ZnS MultiSpectral Under intense heat and pressure, defects within the crystalline lattice are virtually eliminated, leaving a water-clear material with minimal scatter and high transmission characteristics from 0.4 to 12 microns. This material is particularly well suited for high-performance common aperture systems that must perform across a broad wavelength spectrum.

Specifications:

Material: ZnS MultiSpectral
Diameter Tolerance: --------------------- +0.0, -0.1mm
Thickness Tolerance: -------------------- ±0.1mm
Clear Aperture: ---------------------------->85%
Parallelism: -----------------------------------3 arc minute
Surface Quality: ----------------------------80-50 scratch and dig
Wavefront Distortion: -------------------- λ /2 per 25mm @633mm
Bevel: -----------------------------------------Protective  (<0.2mm x 45° )
Coating: -------------------------------------- Optional (Uncoated, AR Coating, etc.)


4. ZnSe material


ZnSe is a preferred material for lenses, windows, output couplers and beam expanders for its low absorptivity at infrared wavelengths and its visible transmission.
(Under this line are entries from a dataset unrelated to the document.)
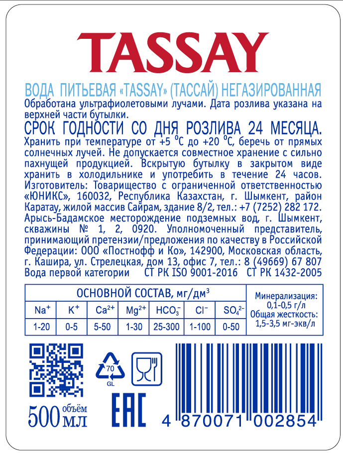 TASSAY природная питьевая вода, негазированная, стекло 0.5 л (12 штук)
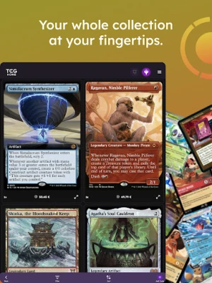 The TCG Home collection manager streamlines the trading process by seamlessly connecting you with your favorite TCG marketplaces. This direct integration eliminates the hassle of jumping through hoops and lets you focus on what truly matters - building your dream collection. Effortlessly buy and sell cards with complete information at your fingertips. Whether you're meticulously crafting your next competitive deck or looking to offload some duplicates, TCG Home empowers you with real-time data. Just a few clicks reveal current offers and historical sales trends for every card, allowing you to make informed decisions with confidence.
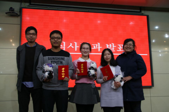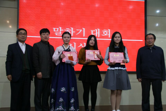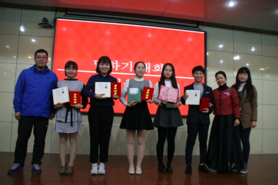 比赛伊始,由夏云副院长致辞,并由评委主任崔曦秀教授宣读比赛评分规则。此次比赛有大二、大三、大四共十八位参赛选手参加。演讲内容涵盖亲情、地理人文、韩国生活文化等各个方面。参赛选手们以流利的韩语与声情并茂的演讲感染了在场的每个人,赢得了阵阵掌声。此次比赛除选手们精彩绝伦的演讲外,还有多姿多彩的文艺汇演,悠扬的葫芦丝,动人的歌声,沁人心脾的吉他弹唱,将全场气氛推向高潮。比赛最后,崔曦秀教授根据参赛者的发音,熟练程度、语言技巧、舞台表现力等方面进行了点评评分,最终尹筱、刘蓓蓓、李婷同学分别获得了此次演讲比赛二三四年级组的一等奖。
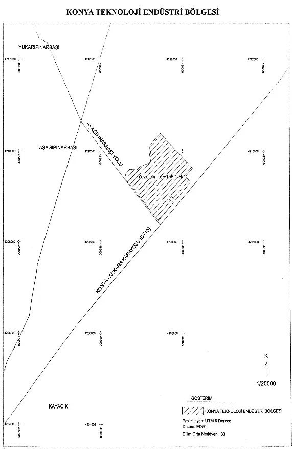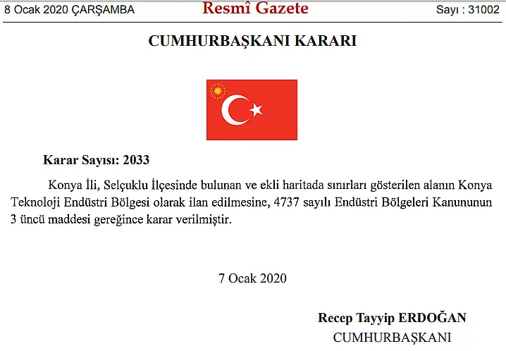 Cumhurbaşkanlığı 2033 sayılı karaırnında, "Konya ili, Selçuklu İlçesinde bulunan ve ekli haritada sınırları gösterilen alanın Konya Teknoloji Endüstri Bölgesi olarak ilan edilmesine, 4737 sayılı Endüstri Bölgeleri Kanununun 3 üncü maddesi gereğince karar verilmiiştir." ifadeleri yer aldı.
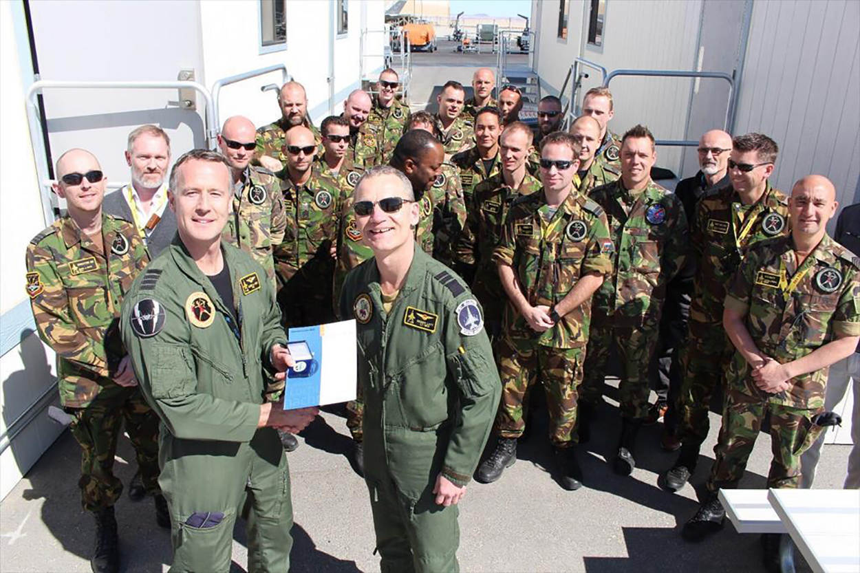 Op voordracht van 323’er sergeant-majoor Arjen Pietersma werd de coin aangevraagd en vervolgens uitgereikt door de C-LSK. Pietersma motiveerde dat zijn 42 collega’s al enkele jaren elke dag direct of indirect werken met technologische innovatie in de vorm van de F-35. Dit nieuwe wapenplatform brengt tal van technische en tactische veranderingen met zich mee en dat vraagt veel van de vliegers en al het ondersteunend personeel. De manier waarop alle squadronleden hier mee omgaan en zich effectief hebben georganiseerd en ingezet om het maximale uit de operationele test en evaluatie te halen voor een goede introductie van de F-35, verdient een Pionierscoin. Foto: KLu
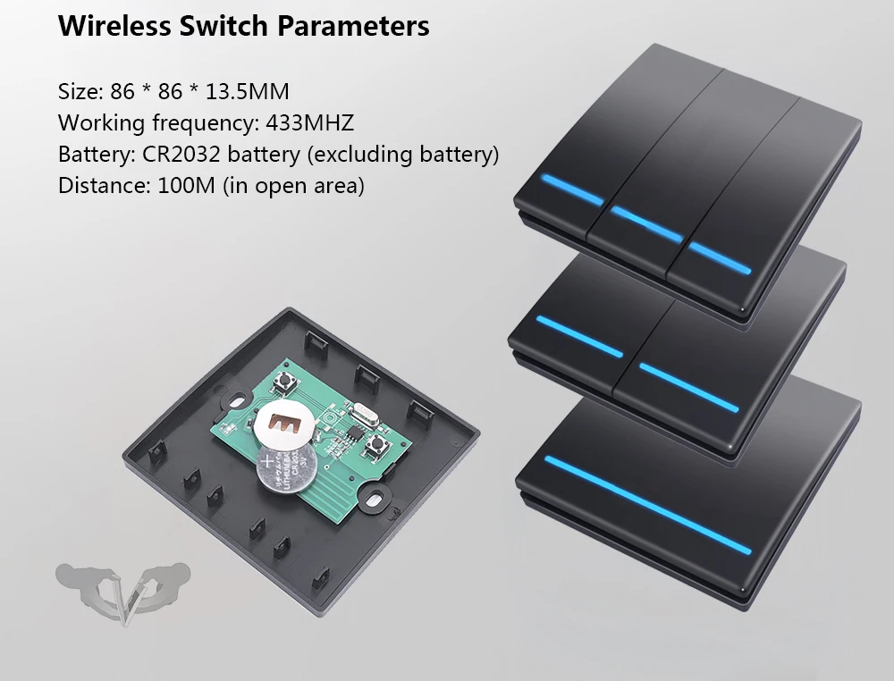 Размер: 86*86*13,5 мм Рабочая частота: 433 МГц Батарея: батарея CR2032 (без аккумулятора) Расстояние: 100 м (в открытой местности)

For high-power applications, it’s critical that the material bulk absorption and internal defect structure be carefully controlled, that minimum-damage polishing technology be employed, and the highest quality optical thin-film coatings are used. The material absorption is verified by CO2 laser vacuum calorimetry. Our quality assurance department provides testing and specific optics certification on request.

ZnSe is non-hygroscopic and chemically stable, unless treated with strong acids. It’s safe to use in most industrial field, and laboratory environments.